Protéger la finance avec nos impôts

(Mise à jour le 21 août 2024 à 11:07)

Source : L’Humanité

Le coût de la dette publique française explose. Il deviendrait insoutenable et pourrait bien entendu justifier toutes les velléités d’austérité du gouvernement.

Sauf que quand on y regarde de plus près, la quasi intégralité de l’explosion actuelle de la charge de la dette (c’est-à-dire les intérêts que la France verse chaque année à ses créanciers) vient d’une toute petite partie de cette dette.

Vous l’avez peut-être entendu : le coût de la dette publique explose en ce moment. Les charges d’intérêt que l’État paye sur sa dette sont passées de 24 milliards d’euros en 2020 à 46 milliards en 2022. En seulement 2 ans, le coût de la dette a quasiment été multiplié par 2. Ce qui représente donc 22 milliards d’euros supplémentaires à payer chaque année avec nos impôts.

Comme dans le même temps, le montant de la dette d’État s’est accru de 300 milliards d’euros, on pourrait croire que le coût de la dette a été entraîné par la dette Covid. Idem, avec l’épisode d’inflation que connaît le pays depuis la fin 2021, on pourrait penser que cette hausse du coût de la dette est due à une remontée des taux d’intérêts.

Mais non, d’après un rapport très récent de la Cour des Comptes, la quasi intégralité de l’explosion actuelle du coût de la dette (90 %) vient d’une toute petite partie de notre dette, la dette indexée à l’inflation.

La dette indexée sur l’inflation, c’est quoi ?

Pour le comprendre, il faut commencer par voir comment fonctionne une dette publique classique.

La dette publique n’a rien à voir avec un crédit classique, qu’un particulier ou une entreprise contracterait. Quand un individu fait un crédit, il rembourse chaque mois une partie de la somme empruntée, ainsi que les intérêts. A la fin du crédit, il a remboursé le tout (somme empruntée plus intérêts) petit à petit.

L’État, c’est différent. Avec une dette classique, quand l’État emprunte 100 € pour 10 ans à 2 % de taux d’intérêts, il paye 2 € d’intérêt chaque année et à la fin de l’emprunt, au bout de 10 ans, il rembourse d’un coup le “principal” les 100 € qu’il devait.

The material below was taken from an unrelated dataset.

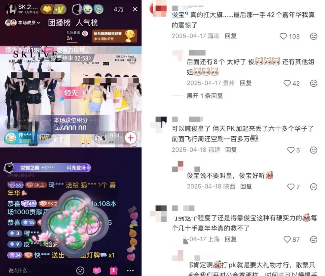据一位SK公会的粉丝透露,这一天是SK公会的团战PK直播,“非常难忘”。狐狸所在的SK017团,以落后100万票的劣势开局,随后在大哥大姐们的“嘉年华雨”里反超。

Une dette indexée sur l’inflation c’est différent : quand l’État emprunte 100 €, il paye aussi des intérêts fixes chaque année, mettons 0,6 %, mais à la fin, au bout de 10 ans, au lieu de rembourser 100 € il rembourse « 100 € + toute l’inflation qu’il y a eu pendant 10 ans ».

Quasiment la moitié de toutes nos dettes indexées – 46 % pour être exact – a été émise depuis l’élection d’Emmanuel Macron en 2017. Aujourd’hui, la dette indexée à l’inflation, c’est 11,5 % de la dette de l’État.

Pourquoi l’État accepte d’avoir une dette indexée sur l’inflation ?

Comme l’État accepte de rembourser toute l’inflation à son prêteur, le prêteur accepte un taux d’intérêt plus faible. Ces dernières années, le taux d’intérêt est en moyenne 1,4 point inférieur dans une dette indexée que sur une dette « classique ».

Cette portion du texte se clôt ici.